Oklahoma has a robust treatment court system that integrates people with lived experience of behavioral health disorders and criminal justice involvement throughout the treatment court process, according to Nisha Wilson, M.S., LPC, director of criminal justice services for the Oklahoma Department of Mental Health and Substance Abuse Services (ODMHSAS). Certified Peer Recovery Support Specialists (PRSSs) are the lynchpin in services for many of the more than 7,000 participants in felony drug and mental health courts that the state serves annually, adds Heath Hayes, M.A., M.H.R., director of recovery support services for ODMHSAS.

Wilson and Hayes describe a state approach that is unique in several ways. First, ODMHSAS is not only the state’s behavioral health authority, but also the supervisor of the mental health and drug treatment courts’ administrative operations, which extend to include such specialty dockets as those serving people with co-occurring disorders, those arrested for driving under intoxication, and Veterans. ODMHSAS ensures that every treatment court program has at least one certified treatment agency that is specifically contracted to provide care for those participants.

“A treatment court is one way that people may enter the door into services,” Wilson says. The contracted agencies develop individualized treatment plans for each court participant, and the state reimburses them on a fee-for-service basis for the work they do. Everyone connected with services by a drug court will receive substance use treatment, but they will also receive support for additional needs, such as parenting classes, trauma-specific interventions, or family-based care, Wilson notes. She adds that treatment court participants have access to more than 100 types of individualized services.

Second, one of these wraparound services is wellness planning provided by the more than 700 certified and Medicaid-reimbursable PRSSs currently working in Oklahoma. All peers providing services are trained and certified by the state, Hayes explains. Once they have an agency that is prepared to hire them, they apply for a 40-hour intensive training overseen by ODMHSAS that leads to certification as a PRSS. All peers in Oklahoma receive the same training, regardless of whether their lived experience is with mental illness or substance use. “We very much believe that co-occurring disorders are the expectation, not the exception,” Hayes says.

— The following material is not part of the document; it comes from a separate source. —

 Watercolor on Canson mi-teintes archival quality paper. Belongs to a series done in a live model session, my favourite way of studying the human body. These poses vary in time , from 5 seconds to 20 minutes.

Peers may also apply for additional training in specific tracks, such as youth and young adults, Veterans, or criminal justice. Though they do not have to have criminal justice experience to work with treatment court participants, that lived experience is often what makes the difference, Hayes notes. Peers with lived experience of criminal justice involvement can help engage treatment court participants just by listening and sharing their stories. PRSSs also help treatment court participants navigate services, connect with schooling and employment opportunities, and engage in physical wellness interventions such as tobacco cessation and exercise classes.

Depending on the services a treatment agency provides, PRSSs may be involved at every stage of the treatment court proceedings. “We’ve had defense attorneys working with peers to have a conversation with their clients about what the program entails,” Wilson says. Some agencies send peers into the jails to help individuals make the decision about treatment court participation. PRSSs are also an important component of a new best-practice aftercare program the state has instituted for treatment court participants, thanks to a recent U.S. Department of Justice grant. Called Recovery Management Checkups, peers are the recommended staff for the program, which helps treatment court participants transition successfully from the formal oversight of the treatment court to life in the community. PRSSs can help quickly identify if a person who is struggling needs to reengage in treatment services outside the authority of the treatment court model, Wilson notes.

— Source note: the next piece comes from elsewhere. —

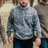 Classic camo gets a modern upgrade in a cool blue grey. Made to blend in with the brush or the couch. Features an embroidered Based logo at the left chest and an embroidered American flag at the right sleeve.

Both Wilson and Hayes consider the use of PRSSs in treatment court proceedings an unqualified success, but they note it is not without its challenges. Education about the appropriate use of PRSS is critical, both for the court system and for treatment agencies. “The concept of having an individual with lived experience in the criminal justice system working with that population is not necessarily one that is traditionally viewed positively,” according to Wilson. For example, she explains that people on probation often are told to stay away from individuals who have similar histories. In addition, because treatment court participants may disclose their struggles to peers, court personnel need to understand that PRSSs are not an extension of the probation system. Likewise, Hayes notes that treatment agencies themselves often need to be educated about how best to use PRSSs to reach those who have criminal justice involvement.

Wilson would like to see the reach of the program expanded. Internal data show that about fifteen hundred drug court participants received services from a PRSS in 2018; that’s about half of the participants in the state’s drug courts. “But those participants received almost 24,000 unique services, so we know that when they receive these services, they’re getting a substantial amount of interaction with PRSSs,” Wilson notes. This interaction can literally be lifesaving. “I’m the beacon of hope for you because I’ve been in your shoes,” is a powerful message that peers convey, Hayes concludes.